X_train, X_test, y_train, y_test = train_test_split(X, y, test_size=0.2, random_state=42)

# Train Random Forest Classifier
from sklearn.ensemble import RandomForestClassifier
from sklearn.metrics import classification_report, roc_auc_score

model = RandomForestClassifier(n_estimators=100, random_state=42)
model.fit(X_train, y_train)

# Predict and evaluate
y_pred = model.predict(X_test)
y_proba = model.predict_proba(X_test)[:, 1]

print("📊 Classification Report:")
print(classification_report(y_test, y_pred))
print(f"🔁 ROC AUC Score: {roc_auc_score(y_test, y_proba):.4f}")

# Feature importance (Optional but insightful!)
import seaborn as sns
import matplotlib.pyplot as plt

feature_importances = pd.Series(model.feature_importances_, index=X.columns)
feature_importances.nlargest(10).plot(kind='barh')
plt.title("Top 10 Feature Importances")
plt.xlabel("Importance Score")
plt.ylabel("Feature")
plt.tight_layout()
plt.show()

## Step 5: Evaluation & Scenario

In [None]:
# Simulated prediction scenario
# Pick a random example from the test set
scenario = X_test.sample(1, random_state=1)

# Predict conversion probability and class
conversion_prob = model.predict_proba(scenario)[:, 1][0]
converted_class = model.predict(scenario)[0]
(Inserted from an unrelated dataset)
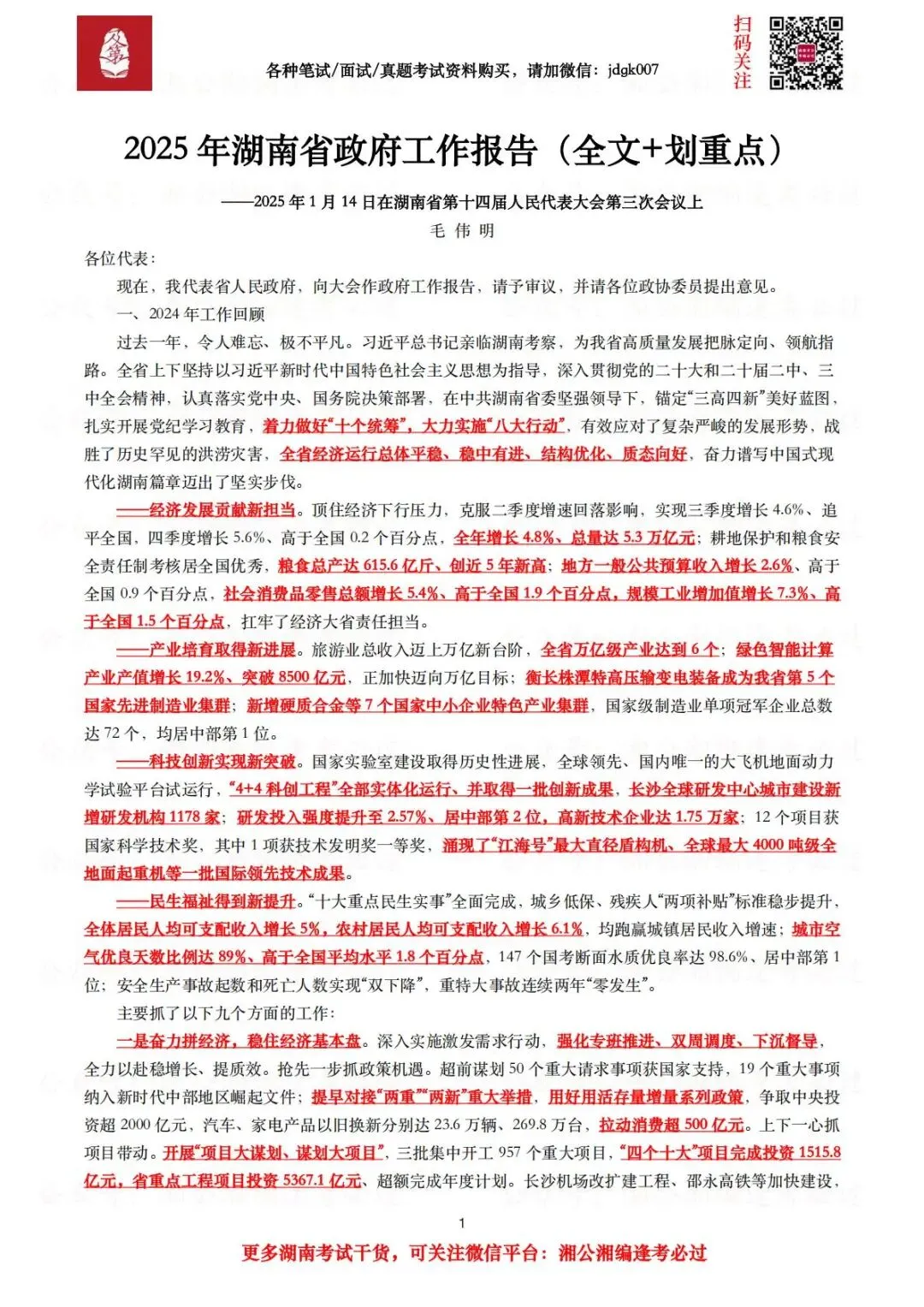 【湖南政府工作报告】2025年湖南省政府工作报告(全文+划重点),总计12页;

print("Prediction Scenario Features:")
display(scenario)

print(f"Predicted Conversion Probability: {conversion_prob:.2%}")
print(f"Predicted Class: {'Converted (1)' if converted_class == 1 else 'Not Converted (0)'}")
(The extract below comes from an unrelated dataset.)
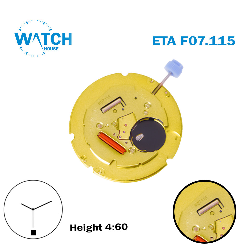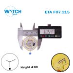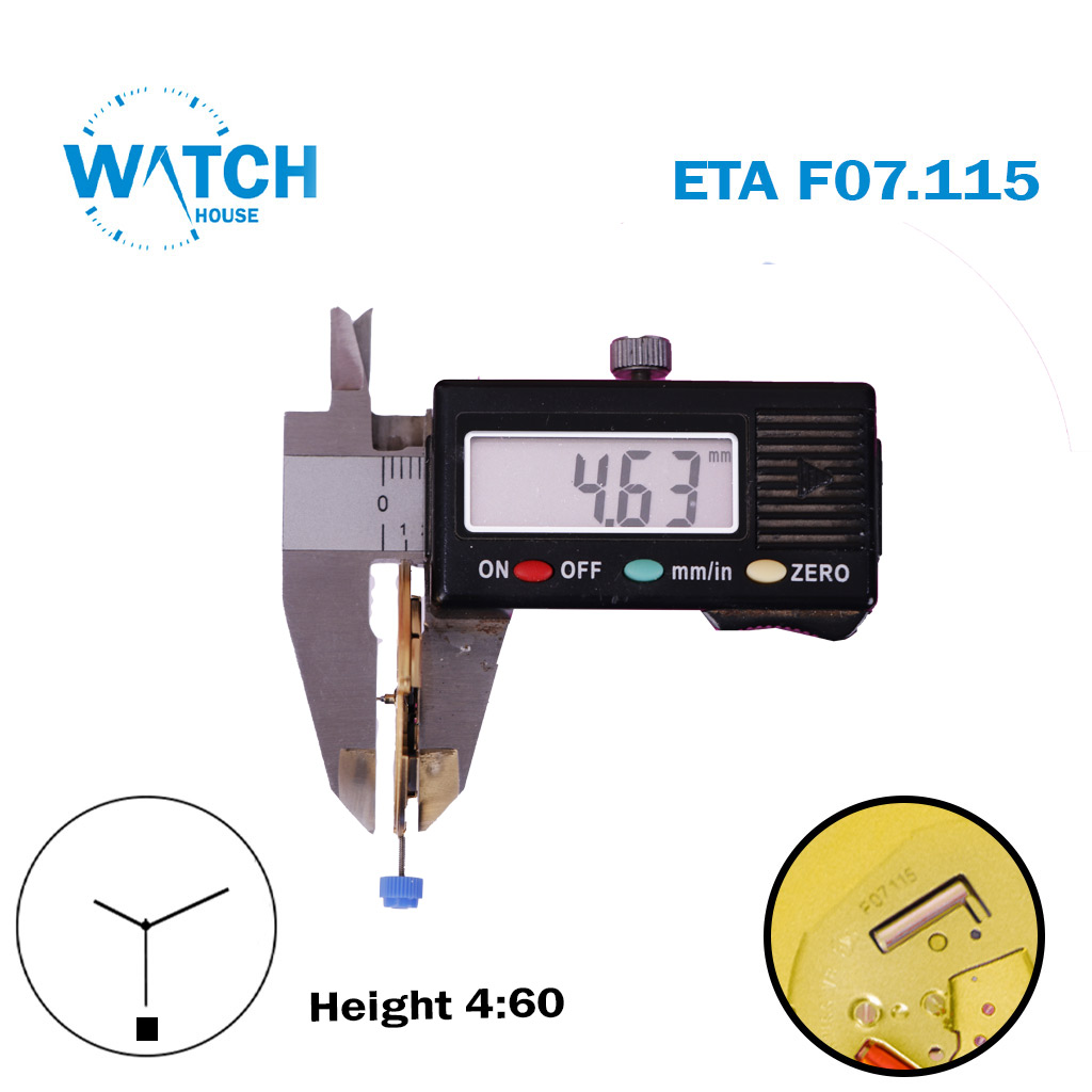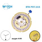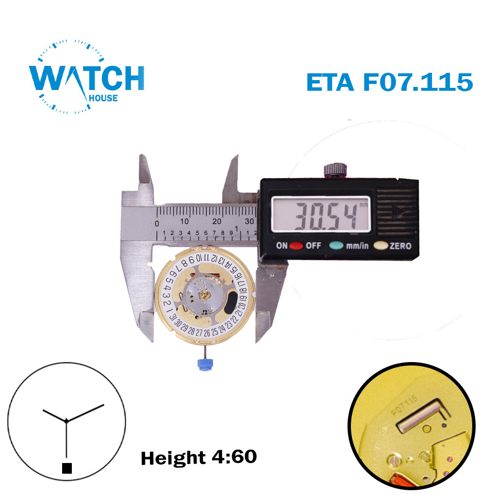 حركة ساعة ETA F07.115 سويسرية الصنع، قرص التاريخ الأبيض عند 6، الارتفاع 4.60 ملم.

# ------------------------------------------------------
# What-If Analysis: Test impact of changing features

# Create a version with lower price (simulate a discount)
scenario_low_price = scenario.copy()
scenario_low_price['price'] *= 0.8  # 20% discount

# Create a version with higher review score
scenario_high_review = scenario.copy()
if 'review_score' in scenario_high_review.columns:
    scenario_high_review['review_score'] = 5.0

# Run predictions
low_price_prob = model.predict_proba(scenario_low_price)[:, 1][0]
high_review_prob = model.predict_proba(scenario_high_review)[:, 1][0]

# Display comparison
print("\n What-If Analysis:")
print(f"Lower Price (20% off) → Conversion Probability: {low_price_prob:.2%}")
print(f"Review Score = 5.0     → Conversion Probability: {high_review_prob:.2%}")

## Step 6: Conclusion

### Summary of Key Insights
- The model successfully predicts the likelihood of a user converting (placing an order) based on features like **price**, **freight cost**, **review score**, and **payment type**.
- Listings with **lower prices** and **higher review scores** tend to have a significantly higher chance of conversion.
- Payment types also played a role — with some payment methods slightly more associated with conversions than others.

### Practical Impact
This model could be used to:
- **Prioritize listings** shown to users based on likelihood of conversion
- Help sellers **optimize pricing or invest in customer experience**
- Provide **product recommendations** that align with buyer behavior

### Next Steps
- Perform **hyperparameter tuning** and try other models like XGBoost or Logistic Regression
- Add **session behavior data** (e.g., time spent on product pages, number of views)
- Use SHAP values for better **explainability**
- Consider building a **recommender system** that incorporates conversion predictions

---

This project demonstrates how data science can drive marketplace growth by focusing on measurable outcomes like conversion rates.